Earlier, Habib Bank Ltd, facing a possible $630 million fine over compliance failures by its New York branch, admitted mistakes but denied any wrongdoing and said the penalty sought by US regulators was disproportionate.
“There is no specific wrongdoing,” HBL Chief Executive Noman Karamat Dar had told a press briefing in Islamabad. “Yes there are mistakes, but we are saying that the fine for these mistakes is disproportionate.”
HBL, which has announced it plans to surrender its US banking licence, has been embroiled in accusations over money-laundering compliance failures by its New York operation for more than a decade.
The DFS, which has pursued several aggressive enforcement actions against foreign banks, had said HBL’s compliance systems were “dangerously weak” and “serious and persistent failings” at its New York unit appeared to affect the entire enterprise.
It singled out HBL’s connections with Saudi Arabia’s largest private bank Al Rahji, which has been linked by the US Senate and in the media to al Qaeda and the financing of extremism.
It had also identified instances of so-called “wire-stripping”, whereby a bank deliberately strips out information related to a payment, such as the originator or beneficiary, that may raise suspicions.
The bank had said operations outside the United States would not be affected and it would contest any fine.
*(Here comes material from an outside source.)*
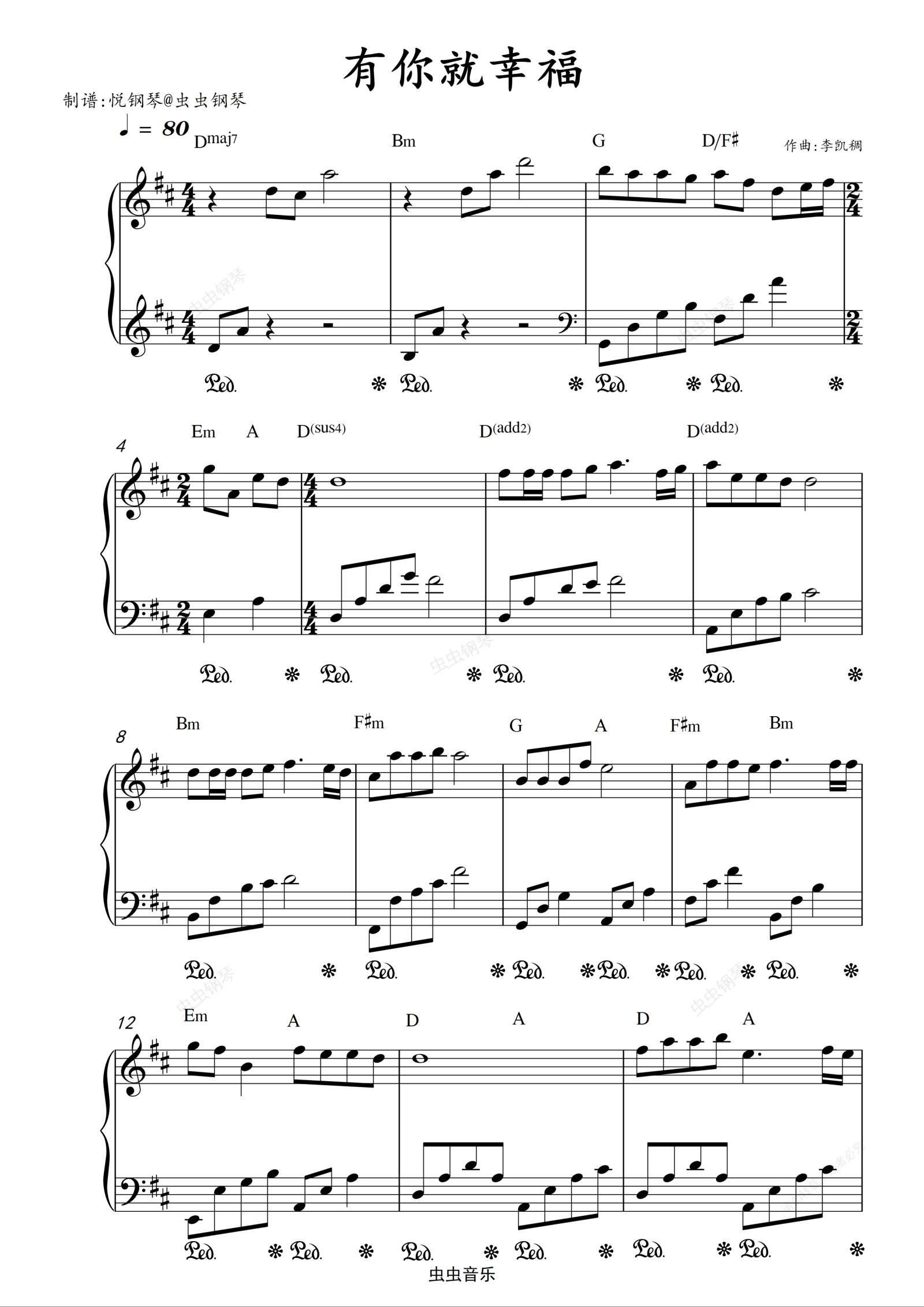 钢琴谱:有你就幸福(原调版)李昕融、叶泳沺

Dar said whatever happened, there would be no long-term effect.
“Our liquidity, profitability and strength is enough to take the bank forward,” he said.
Until April 2015, Pakistan’s government held a 42.5 per cent stake in HBL, the country’s oldest bank. But it sold its shares as part of a privatisation drive, bringing in more than $1 billion. The DFS, however, still lists HBL as majority owned by the government.